When searching a Site Search index, you can explicitly reference any content included in the keywords meta field by specifying the keywords field in the query, as in the following example:

#set($searchresults = $sitesearch.search("+keywords:*invest*", 0, 10))

Creating a New Site Search Index

To create a new Site Search Index:

  1. Select Dev Tools -> Site Search.
  2. Select the Indices tab.
    The Indices tab shows you all current Site Search indexes
  3. Click CREATE SITE SEARCH INDEX. In the popup:
    • Enter an Alias (friendly name) for the index.
    • Enter the number of Shards for the index.
      • The number of shards is used to tune Elasticsearch performance. If you are not sure the number of Shards to use, leave the default value.
        The Site Search index popup allows you to set the Alias name and the Number of Shards
  4. Press the CREATE SITE SEARCH INDEX button.

Populating the Index

To run or schedule an indexing process, select the Job Scheduler tab.

The Job Scheduler tab shows all scheduled Site Search jobs

On this page a new job can be either run now or scheduled.
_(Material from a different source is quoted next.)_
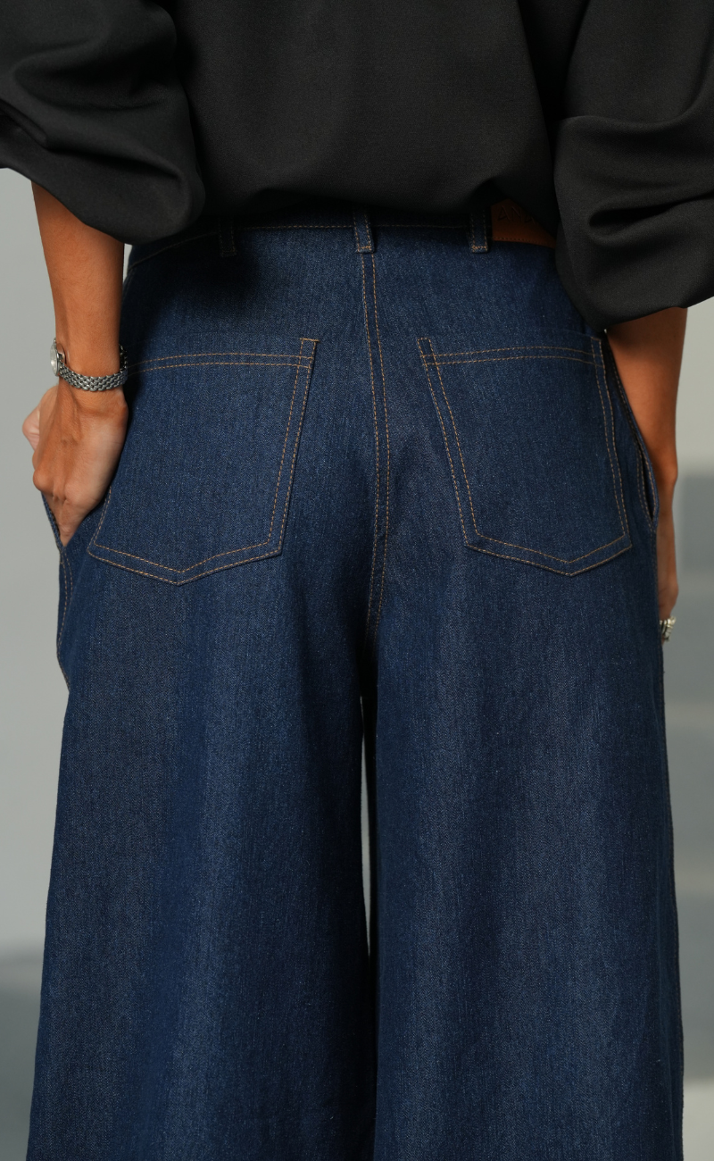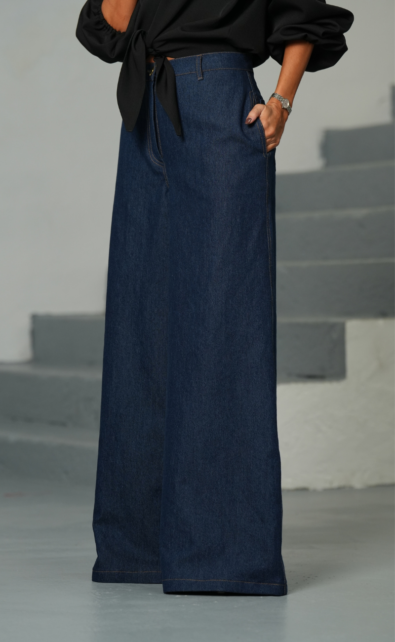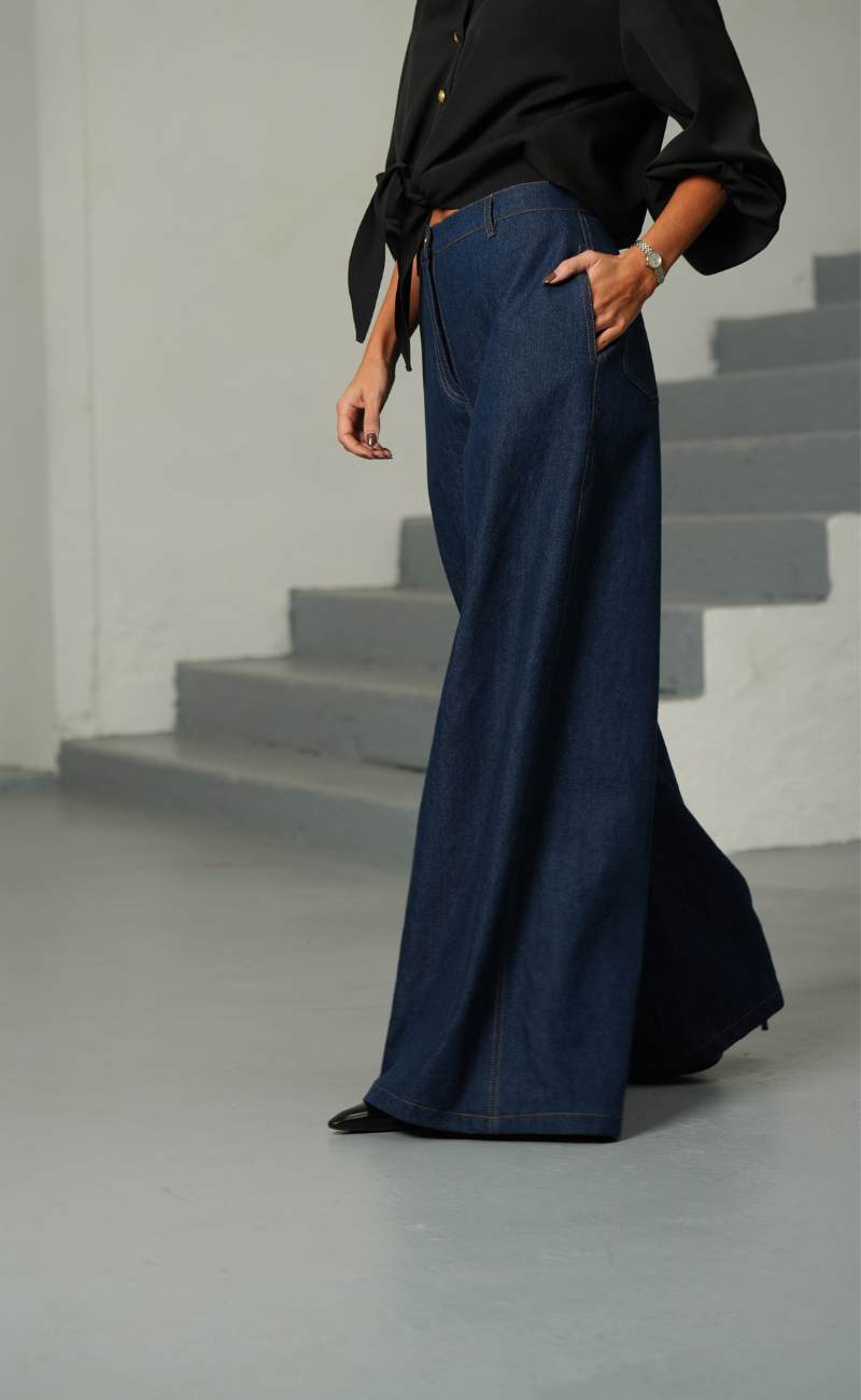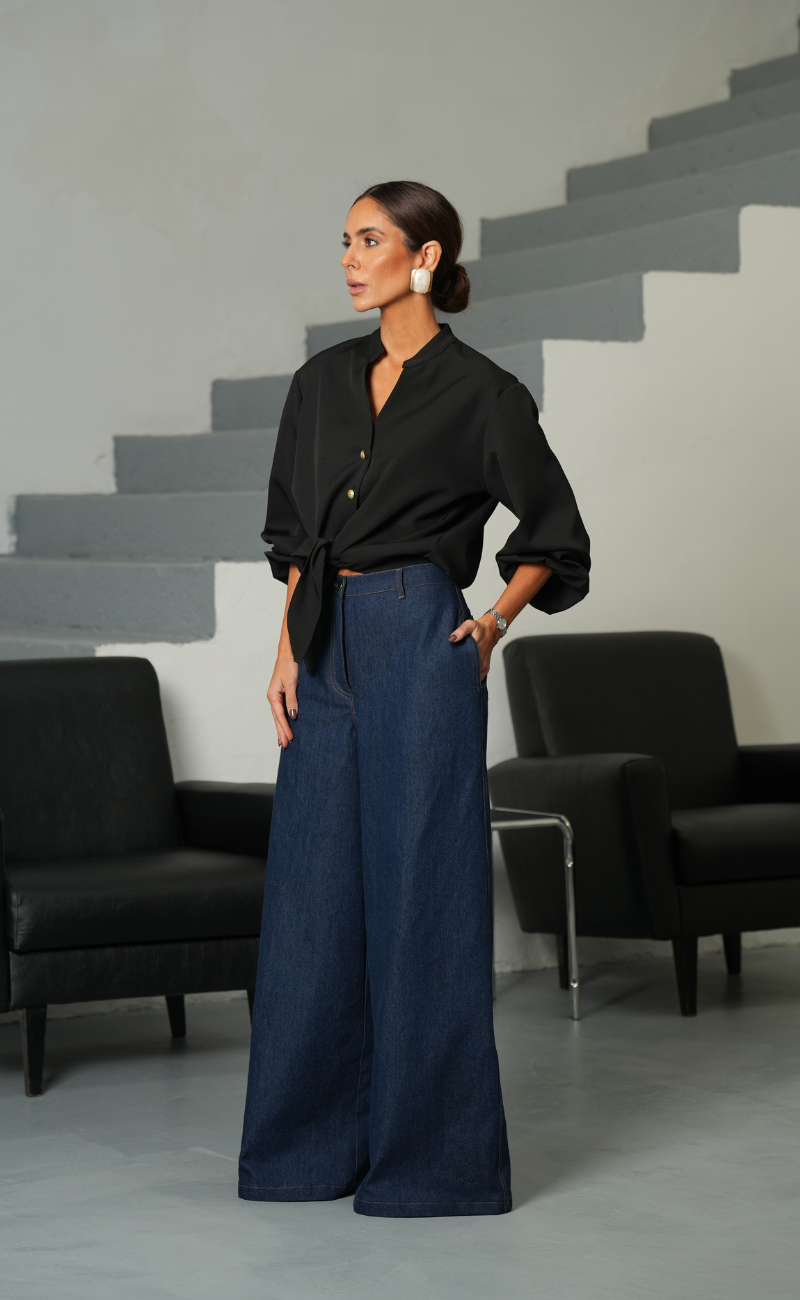 Jeans de cintura subida com bolsos. Perna larga e comprida. Fecho de correr e botão metálico à frente.

Enter the following fields to create a new job:

PropertyDefault ValueDescription
RunScheduledA job set to run Now will cause content to be indexed immediately when the SCHEDULE button is clicked.
A Scheduled job will be set to run automatically and repeatedly on a schedule you specify via the Cron Expression property.
NameNoneThe name that will be displayed for the job in the View All Jobs tab.
HostsNoneThe host(s) to index.
  • Only live Sites can be indexed.
  • To index all Sites on your dotCMS instance, either add them all to the list, or check the Index All Sites checkbox.
  • Important: If you want to index Content Types that reside on the System Host and do not have a Site or Folder field, you must check Index all Hosts.
Alias NameCreate New Index and Make DefaultSelect the Alias of the index where the content will be added.
  • If you select Create New Index and Make Default, a new Site Search index will be created each time the job is run.
  • These automatically created indexes will have a new, randomly generated name each time they are created, but can be referenced by specifying the “default” index.
IncrementalUnchecked
  • If this box is checked then only changes made to content since the last index will be added to the index (including any new content and any edits to existing content).
  • If this box is not checked, then the index will be deleted and rebuilt from scratch each time (making the indexing take longer, but improving the search performance).
Important:
  • Incremental indexing will only remove content from the index if that content has been unpublished or archived.
  • If you have deleted content from your site and you select Incremental, the deleted content will not be removed from the index.
    • You must perform a full reindex to ensure deleted content is removed from the index.
LanguageNoneCheck the box for each content Language to include in the index.
  • You must include at least one Language, or the Site Search index will be empty.
Paths TypeAll 
Paths ListNoneComma separated list of paths to include or exclude.
  • This field will only be active if the Paths Type is set to Include or Exclude.
  • Paths can contain wildcards, e.g. /home/*
Cron ExpressionNoneSpecifies when and how often the job will run (and thus when and how often the Site Search index will be updated).
  • Any changes to your content, Pages, and Files will not be included in the Site Search index until the job is run, so frequency of the job will determine how up-to-date your Site Search index is.
  • Some examples of Cron Expressions for different job schedules and times are displayed below the field.

Viewing Scheduled Jobs

To view all currently scheduled Site Search index jobs, select the View All Jobs tab.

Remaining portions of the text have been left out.